Judgment of the Court (Sixth Chamber) of 9 February 2017.
M. S. v P. S.
Reference for a preliminary ruling — Regulation (EC) No 4/2009 — Article 41(1) — Recognition and enforcement of decisions and cooperation in matters relating to maintenance obligations — Enforcement of a decision in a Member State — Application submitted directly to the competent authority of the Member State of enforcement — National legislation requiring recourse to be had to the Central Authority of the Member State of enforcement.
Case C-283/16.

Court reports – general

Case C‑283/16

M.S.

v

P.S.

(Request for a preliminary ruling from the
High Court of Justice (England and Wales), Family Division)

(Reference for a preliminary ruling — Regulation (EC) No 4/2009 — Article 41(1) — Recognition and enforcement of decisions and cooperation in matters relating to maintenance obligations — Enforcement of a decision in a Member State — Application submitted directly to the competent authority of the Member State of enforcement — National legislation requiring recourse to be had to the Central Authority of the Member State of enforcement)

Summary — Judgment of the Court (Sixth Chamber), 9 February 2017

  1. Judicial cooperation in civil matters–Jurisdiction, applicable law, recognition and enforcement of decisions in matters relating to maintenance obligations–Regulation No 4/2009–Recognition, enforceability and enforcement of decisions–Proceedings and conditions for enforcement–National regulations under which a maintenance creditor is required to submit an application for enforcement of a decision through the Central Authority of the Member State of enforcement–Not permissible

    (Council Regulation No 4/2009, Recital 31 and 32, Arts 41(1), 45, 51 and 56)

  2. Judicial cooperation in civil matters–Jurisdiction, applicable law, recognition and enforcement of decisions in matters relating to maintenance obligations–Regulation No 4/2009 Article 41(1)–Direct effect–Obligations and powers of the national court hearing the case–Non-application of national provisions requiring a maintenance creditor to submit an application for enforcement of a decision to the Central Authority of the Member State of enforcement

    (Council Regulation No 4/2009, Art. 41(1))

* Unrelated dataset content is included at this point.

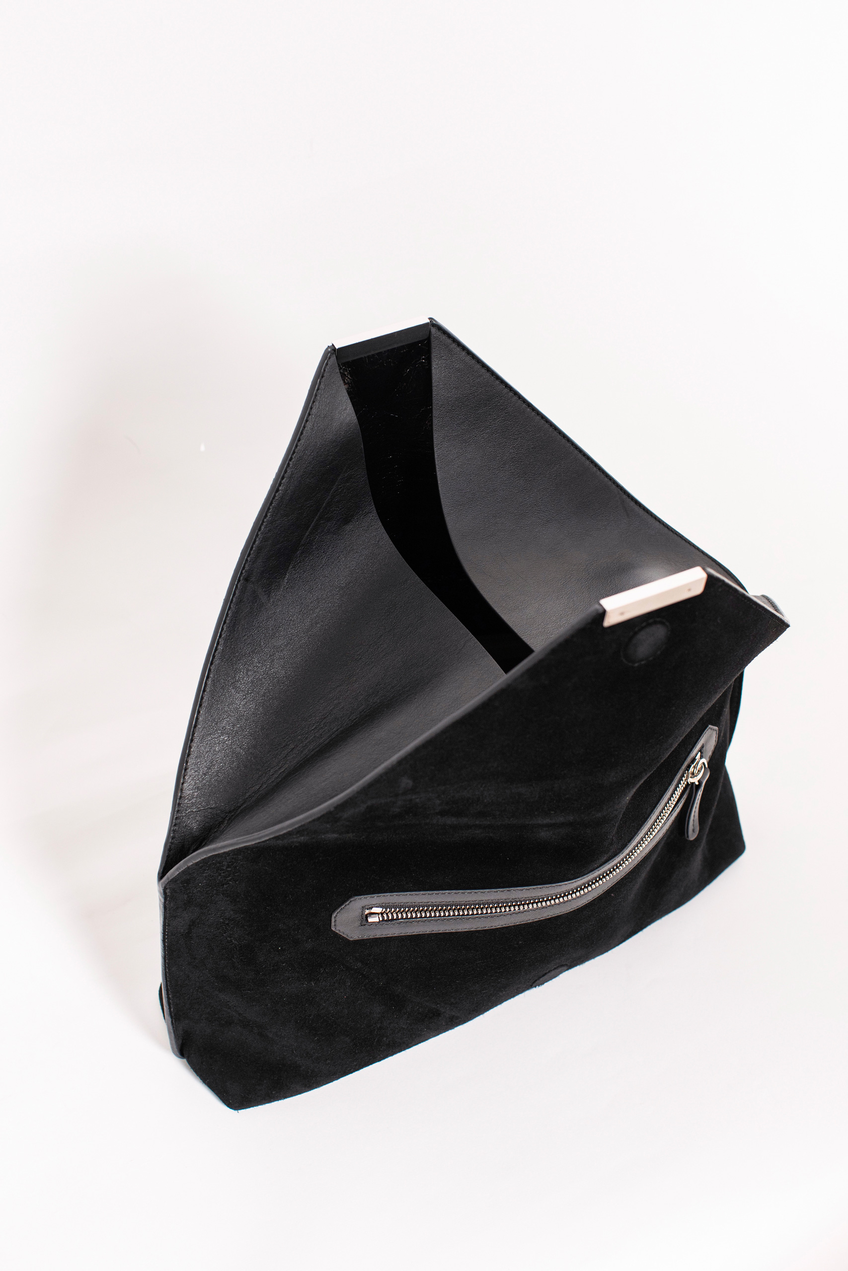 Allure sofisticata e carattere pragmatico per questa borsa a mano dalla silhouette oversize. Il modello, in mix di pellame, presenta linee essenziali e tagli grafici dal design minimalista e una tasca esterna con zip di metallo che la rende pratica ogni giorno.

  1.  Chapter IV of Council Regulation (EC) No 4/2009 of 18 December 2008 on jurisdiction, applicable law, recognition and enforcement of decisions and cooperation in matters relating to maintenance obligations, in particular Article 41(1) thereof, must be interpreted as meaning that a maintenance creditor who has obtained an order in one Member State and wishes to enforce it in another Member State may make an application directly to the competent authority of the latter Member State, such as a specialised court, and cannot be required to submit the application to that court through the Central Authority of the Member State of enforcement.

    Thus, nothing in Chapter IV, which is headed ‘Recognition, enforceability and enforcement of decisions’ and contains Article 41(1), provides that a special procedure, in addition to the procedures applicable to purely domestic claims, must be followed, or, in particular, that recourse must be had to the Central Authorities of the Member States.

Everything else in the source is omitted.